━━ EXCERPTED DATA ━━

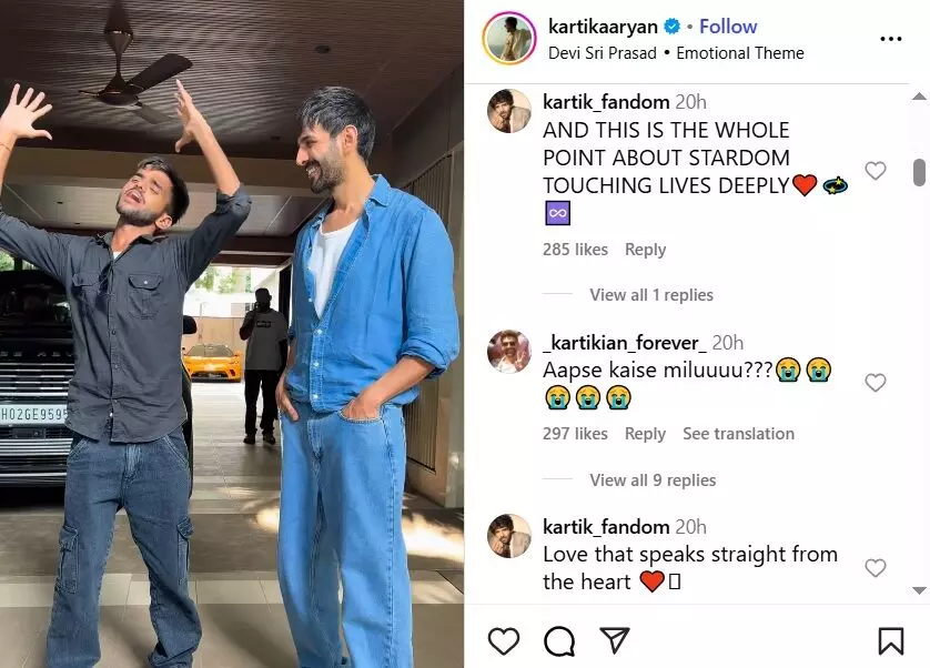 कार्तिक के इस पोस्ट पर फैंस जमकर तारीफें कर रहे हैं। एक यूजर ने लिखा, “यही है स्टारडम का असली मतलब। एक अन्य ने कहा, “ये है वो प्यार जो सालों की मेहनत से कमाया है।”
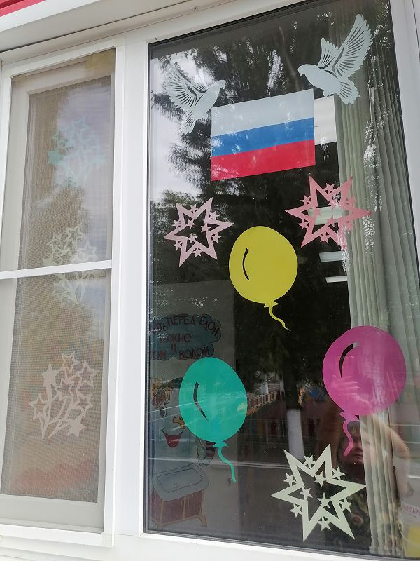 Мы оформили окна надписями, картинками с голубями, шарами и символикой нашей страны. Украшение окон - это не только интересно, увлекательно и красиво, это создаёт атмосферу одного из самых важных праздников в России.
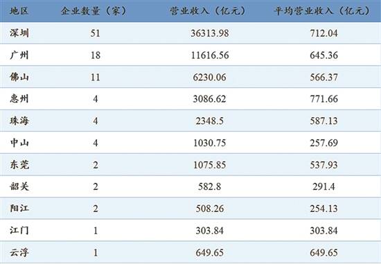 各城制造业百强企业效益如何?根据榜单数据,深圳、广州上榜企业的营业收入分别为36313.98亿元、11616.56亿元,两城营收总额超过总体营业收入的四分之三;惠州、深圳、云浮、广州、珠海五城的上榜企业平均营收位居前五,分别为771.66亿元、712.04亿元、649.65亿元、645.36亿元、587.13亿元。
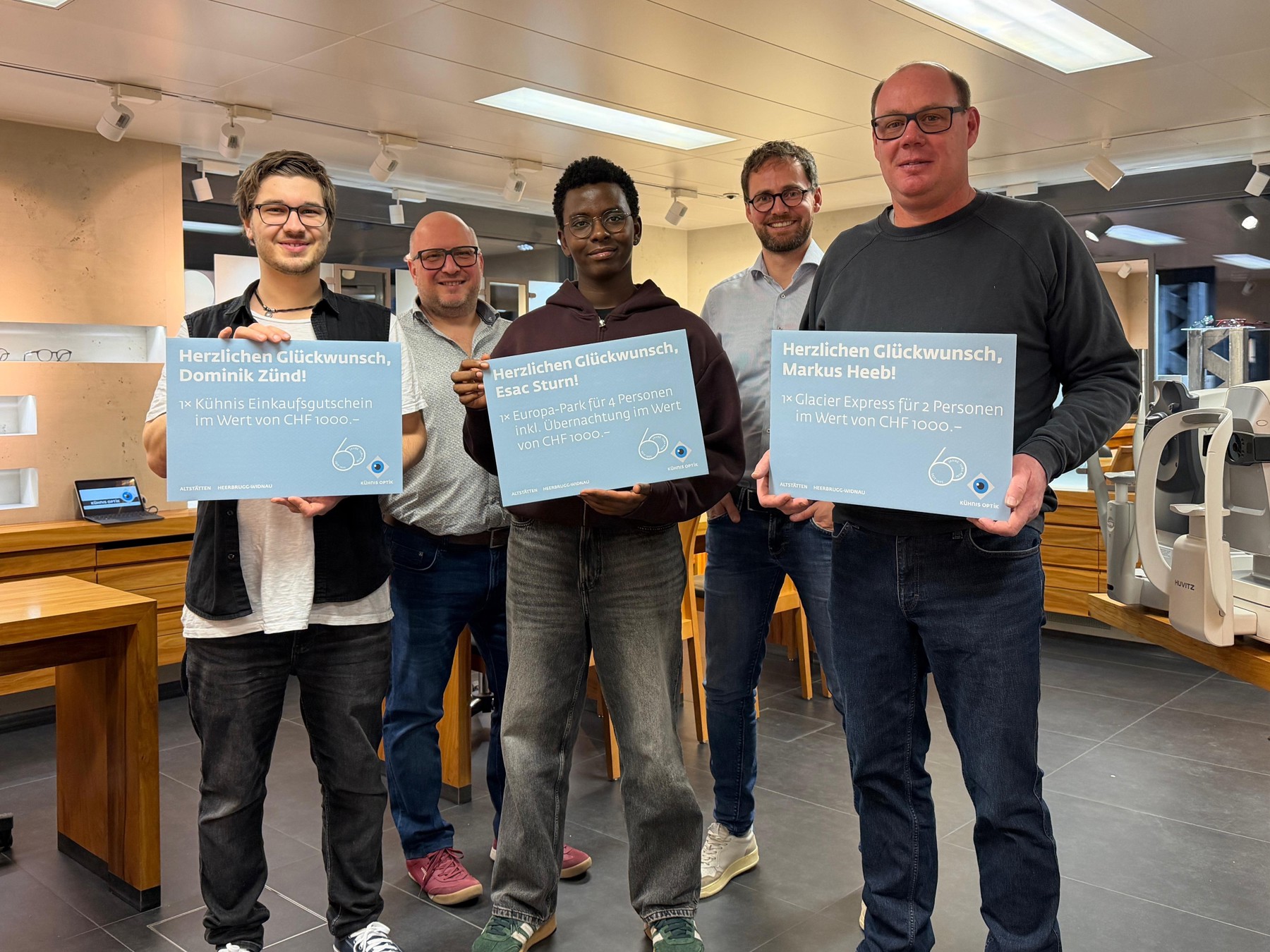 Zum 60-jährigen Bestehen von Kühnis Optik wurden die drei Hauptgewinne des Jubiläumswettbewerbes ausgelost. Das Bild zeigt die glücklichen Gewinner der drei Hauptpreise im Wert von jeweils 1000 Franken.
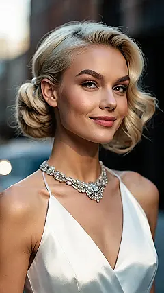 Seriously, who needs a mile-long veil when you’ve got this much style? This look is all about effortless elegance, and it shows off your face instead of hiding behind a mountain of hair. Plus, can we talk about those accessories? Sparkly earrings and that killer necklace? You don’t need a ton of hair when you’ve got the bling to bring the drama! So, if you’re a short-haired bride, take notes! You can be absolutely gorgeous without sacrificing your signature style.
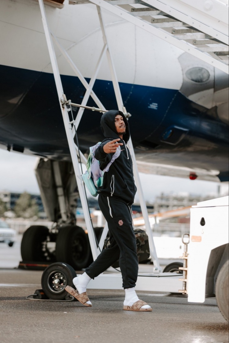 >明日战鹈鹕出战成疑!开拓者登机照:杨瀚森迷彩裤+黑夹克+小粉包
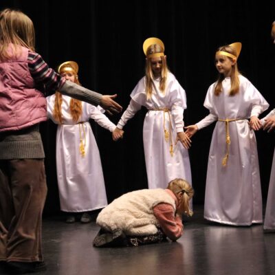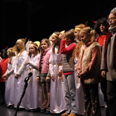 W poniedziałek 27 stycznia teatr szkolny zaprezentował społeczności szkolnej przedstawienie noworoczne. Wystąpiły w nim kolejno wszystkie grupy teatralne klas 4-8. Mottem przewodnim spektaklu były słowa pierwszej zwrotki kolędy ,,Nowy Rok bieży”, którą przepięknie zagrał na skrzypcach jeden z młodych aktorów. Artyści przygotowali przedstawienie pod kierunkiem opiekuna teatru szkolnego – pani Małgorzaty Rutkowskiej.
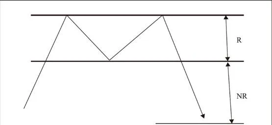 第二,假設M頂頂點到下軌線之間的距離爲R,那麼當股價自下軌線下跌到R的距離時,就會遇到一定的支撐。有的股票震盪之後會跌破支撐位,有的股票則會出現反彈向上走勢。
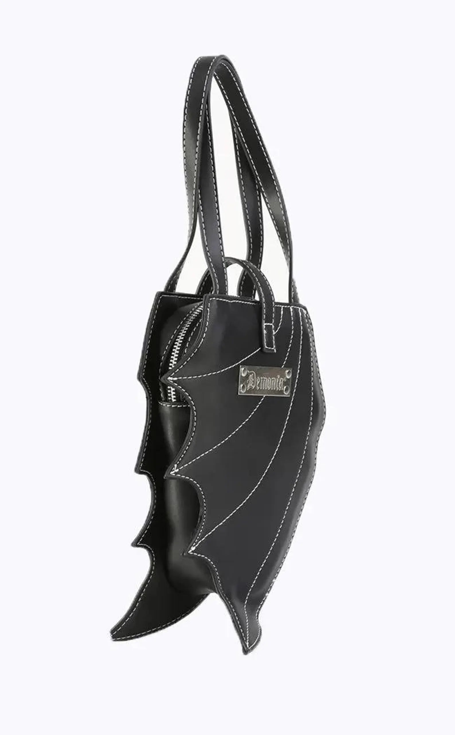 Experience the thrill of the night with this stunning Demonia HB-215 Faux Leather Batwing Handbag! Featuring intricate white stitch detailing and a uniquely shaped design, this handbag is perfect for adding a touch of edge to any outfit. Whether you're heading to a spooky event or the office, this statement piece is sure to garner attention and inspire you to take bold fashion risks!
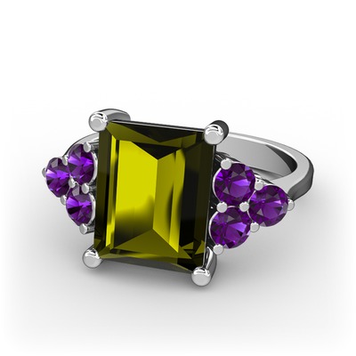 Peridot ve ametist 8 ayar beyaz altın yüzük
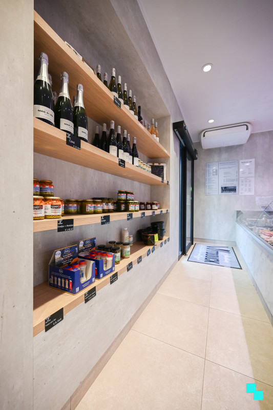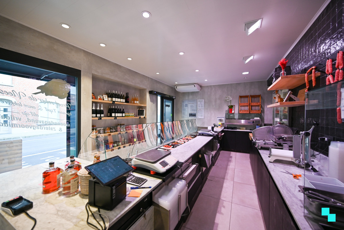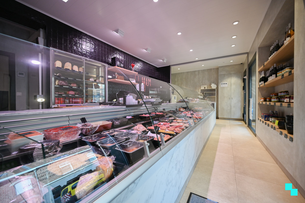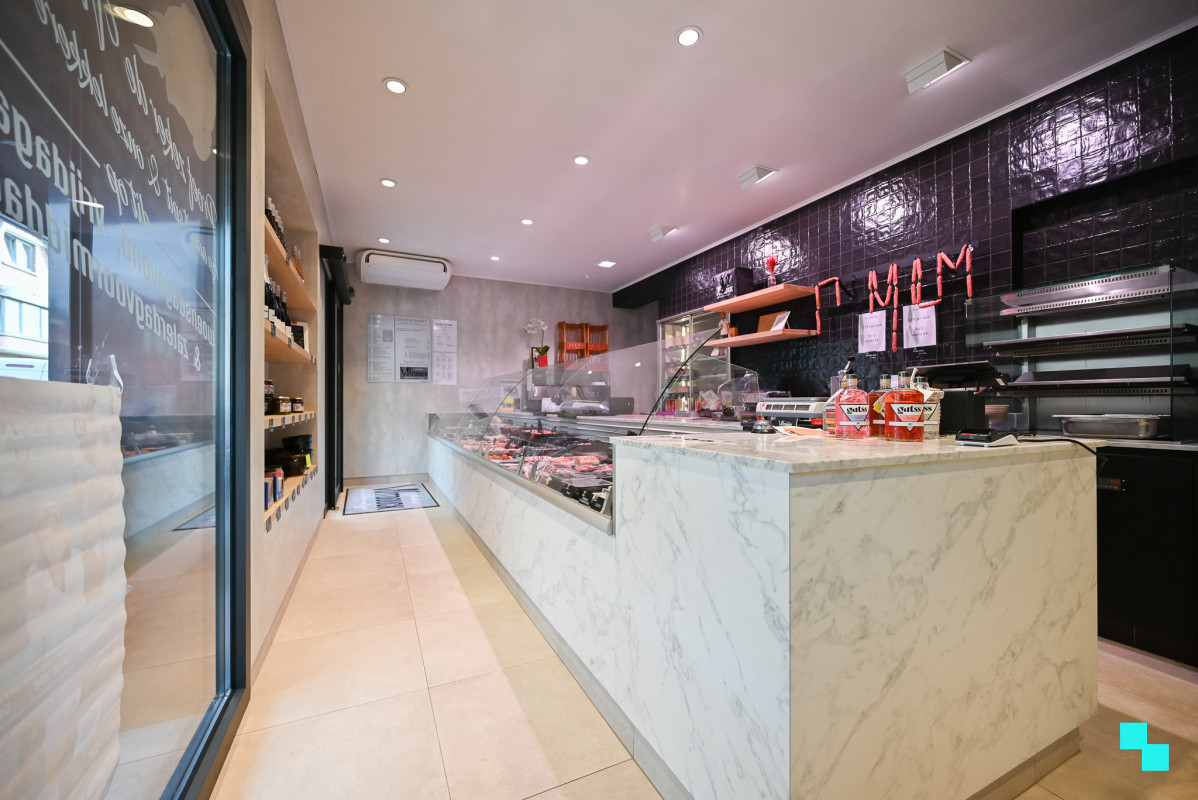 Vooraan bevindt zich de stijlvol vernieuwde winkelruimte, afgewerkt met kwalitatieve materialen, verzorgd maatwerk en een professionele uitstraling. Deze commerciële ruimte is volledig instapklaar en onmiddellijk inzetbaar voor een slagerij of andere handelsactiviteit.
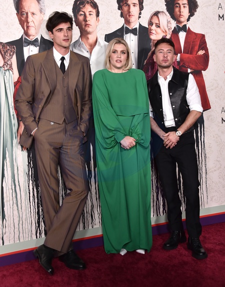 Jacob Elordi, Emerald Fennell and Barry Keoghan arriving to the Los Angeles premiere of ‘Saltburn held at the Ace Theatre Downtown LA on November 14, 2023 in Los Angeles, Ca.© Lisa OConnor/AFF-USA.com

━━━

* **WHAT THE TASK REQUIRES**
Please repeat every record exactly, leaving the pictures out.

* **WRITTEN REPLY**
 कार्तिक के इस पोस्ट पर फैंस जमकर तारीफें कर रहे हैं। एक यूजर ने लिखा, “यही है स्टारडम का असली मतलब। एक अन्य ने कहा, “ये है वो प्यार जो सालों की मेहनत से कमाया है।”
 Мы оформили окна надписями, картинками с голубями, шарами и символикой нашей страны. Украшение окон - это не только интересно, увлекательно и красиво, это создаёт атмосферу одного из самых важных праздников в России.
 各城制造业百强企业效益如何?根据榜单数据,深圳、广州上榜企业的营业收入分别为36313.98亿元、11616.56亿元,两城营收总额超过总体营业收入的四分之三;惠州、深圳、云浮、广州、珠海五城的上榜企业平均营收位居前五,分别为771.66亿元、712.04亿元、649.65亿元、645.36亿元、587.13亿元。
 Zum 60-jährigen Bestehen von Kühnis Optik wurden die drei Hauptgewinne des Jubiläumswettbewerbes ausgelost. Das Bild zeigt die glücklichen Gewinner der drei Hauptpreise im Wert von jeweils 1000 Franken.
 Seriously, who needs a mile-long veil when you’ve got this much style? This look is all about effortless elegance, and it shows off your face instead of hiding behind a mountain of hair. Plus, can we talk about those accessories? Sparkly earrings and that killer necklace? You don’t need a ton of hair when you’ve got the bling to bring the drama! So, if you’re a short-haired bride, take notes! You can be absolutely gorgeous without sacrificing your signature style.
 >明日战鹈鹕出战成疑!开拓者登机照:杨瀚森迷彩裤+黑夹克+小粉包
 W poniedziałek 27 stycznia teatr szkolny zaprezentował społeczności szkolnej przedstawienie noworoczne. Wystąpiły w nim kolejno wszystkie grupy teatralne klas 4-8. Mottem przewodnim spektaklu były słowa pierwszej zwrotki kolędy ,,Nowy Rok bieży”, którą przepięknie zagrał na skrzypcach jeden z młodych aktorów. Artyści przygotowali przedstawienie pod kierunkiem opiekuna teatru szkolnego – pani Małgorzaty Rutkowskiej.
 第二,假設M頂頂點到下軌線之間的距離爲R,那麼當股價自下軌線下跌到R的距離時,就會遇到一定的支撐。有的股票震盪之後會跌破支撐位,有的股票則會出現反彈向上走勢。
 Experience the thrill of the night with this stunning Demonia HB-215 Faux Leather Batwing Handbag! Featuring intricate white stitch detailing and a uniquely shaped design, this handbag is perfect for adding a touch of edge to any outfit. Whether you're heading to a spooky event or the office, this statement piece is sure to garner attention and inspire you to take bold fashion risks!
 Peridot ve ametist 8 ayar beyaz altın yüzük
 Vooraan bevindt zich de stijlvol vernieuwde winkelruimte, afgewerkt met kwalitatieve materialen, verzorgd maatwerk en een professionele uitstraling. Deze commerciële ruimte is volledig instapklaar en onmiddellijk inzetbaar voor een slagerij of andere handelsactiviteit.
 Jacob Elordi, Emerald Fennell and Barry Keoghan arriving to the Los Angeles premiere of ‘Saltburn held at the Ace Theatre Downtown LA on November 14, 2023 in Los Angeles, Ca.© Lisa OConnor/AFF-USA.com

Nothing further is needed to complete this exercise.